A mesma situação se renovou, no Estado do Rio Grande do Norte, perante outro testamento político de um governo vencido no pleito eleitoral sucessório, em que se comprometia desmedidamente o erário, elevando a mais de 80% a despesa com o funcionalismo público.
Em decisão proferida na Repr. 512, julgada, por unanimidade, pelo Tribunal Pleno, em sessão de 7.12.62, o STF reputou legítima a anulação, pela Assembléia Legislativa, de leis inconstitucionais que compunham o testamento político em causa.
Em memorial oferecido como advogado do novo governo estadual, ponderávamos que ‘o desvio de poder legislativo, caracterizado no inventário político, ofende o princípio da independência e harmonia dos Poderes, além de violar a Constituição estadual’.
Em acórdãos posteriores os RE 48.655 e 50.219 (RDA 78/269 e 281), aplicando a orientação firmada, a Corte Suprema reafirmou a tese da anulação, pelo Poder Legislativo, de seus próprios atos inconstitucionais.
A acolhida do cabimento do desvio de finalidade como vício de inconstitucionalidade fora anteriormente abonada em outro julgado do STF em voto do Min. Orozimbo Nonato, relator do RE 18.331, que, nos termos da respectiva ementa, após recordar o conhecido axioma de que o poder de taxar não se pode extremar como poder destruir, destaca: ‘É um poder cujo exercício não deve ir até o abuso, o excesso, o desvio, sendo aplicável, ainda que, a doutrina fecunda do détournement de pouvoir’ (RF 145/146).
O excesso do poder de taxar foi igualmente repelido com respeito à lei do Estado do Rio de Janeiro que exigia taxa judiciária em termos excessivos, sem correspondência com o serviço prestado (Repr. 1.077, RTJ 11/55).
Comentando o sentido inovador da jurisprudência do Pretório Excelso, registra Seabra Fagundes, entre as fecundas criações pretorianas, ‘a extensão da teoria do desvio de poder originária e essencialmente dirigida aos procedimentos dos órgãos executivos, aos atos do poder legiferante, de maior importância num sistema de Constituição rígida, em que se comete ao Congresso a complementação do pensamento constitucional nos mais variados setores da vida social, econômica e financeira’ (RF 151/549).
Em decisão de 31.8.67, no RMS 16.912, o tema do desvio de poder como vício especial do ato legislativo foi expressamente invocado.

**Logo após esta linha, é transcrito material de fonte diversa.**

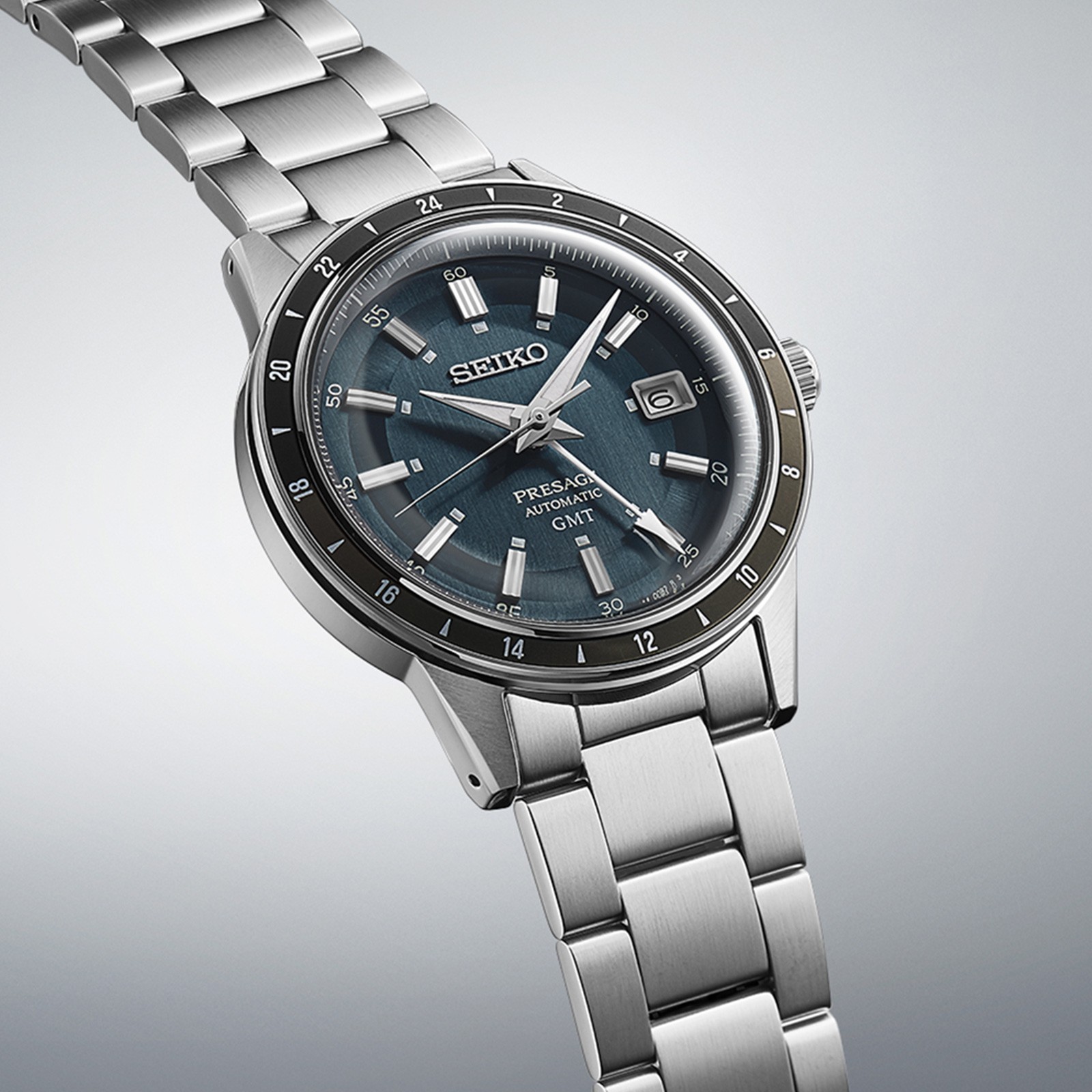 Seiko Presage 'Petrol Blue' Style 60s Road Trip GMT 41mm Mens Watch SSK009J1

Apreciando lei de organização judiciária na qual se inseria emenda em benefício de determinado serventuário, advertiu o Min. Prado Kelly: ‘tratava-se de reforma judiciária e a emenda representou um desvio de poder na própria legislatura’. Sendo o mesmo Ministro as seguintes expressões: ‘Tenho por demonstrado que a emenda não obedeceu ao presumido escopo de interesse público e sim a uma inspiração que nem por ser equânime ou reparadora (como pareceu ao interveniente) deixa de ser particularista ou de favorecimento pessoal’.
Nessa decisão plenária, o Min. Victor Nunes Leal, após aderir à posição ‘de que podemos exercer controle sobre os desvios de poder da própria legislatura’, convocado por interpelação do Min. Aliomar Baleeiro a declarar ‘se admitia um desvio de poder do Poder Legislativo fora do caso de inconstitucionalidade’, não vacilou em afirmar categoricamente: ‘Admito’ (acórdão no RMS 16.912, RTJ 45/530-545, especialmente pp. 536 e 537).

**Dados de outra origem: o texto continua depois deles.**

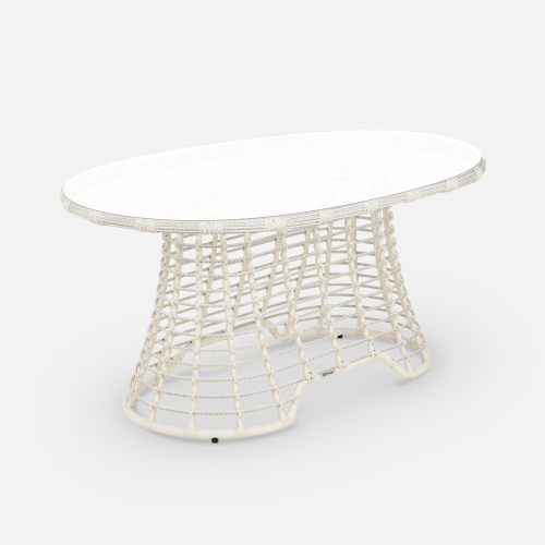 Стол Lotus с элегантной овальной столешницей создан для объединения людей. Плавные, лишенные острых углов линии формируют комфортную и гостеприимную атмосферу, идеальную для неспешных обедов и теплого общения. Визуальную глубину и уникальный характер модели подчеркивает многослойная структура: под прочной столешницей из закаленного стекла скрывается тонкое ажурное плетение искусственного ротанга. Эта игра текстур и материалов создает динамичный световой эффект, где блики естественного или искусственного света оживляют поверхность, добавляя сервировке особый шарм.

Em questão relativa à permissão para explorar linhas de ônibus, o STF apreciou a incidência do desvio de poder legislativo, admitindo, em tese, a aplicação do princípio (RTJ 47/650 e 48/165).
Em três situações o STF repeliu, por inconstitucionalidade, a aplicação de sanções administrativas com a finalidade real de constranger o contribuinte à regularidade fiscal.
Decidiu a Corte Suprema que ‘é inadmissível a interdição de estabelecimento ou apreensão de mercadorias como meio coercitivo para a cobrança de tributo’ (Súmulas 70 e 323).
E, dilatando o princípio à inconstitucionalidade dos Decs.- leis 5 e 42, de 1937 – que restringiam indiretamente a atividade comercial de empresas em débito, impedindo-as de comprar selos ou despachar mercadoria – implicitamente configurou o abuso de poder legislativo (Súmula 547 e acórdão no RE 63.026, RDA 10/209).
O excesso legislativo foi invocado em acórdão do STF no RE 62.731, do qual foi Relator o Min. Aliomar Baleeiro. Afirmou-se a inconstitucionalidade de decreto-lei que vedava a purgação de mora em locações. Destacou a ementa da decisão a impertinência do fundamento por se tratar de ‘assunto miúdo de Direito Privado’ que não se incluía no conceito de segurança nacional, necessário àquela forma de processo legislativo (RDA 94/169).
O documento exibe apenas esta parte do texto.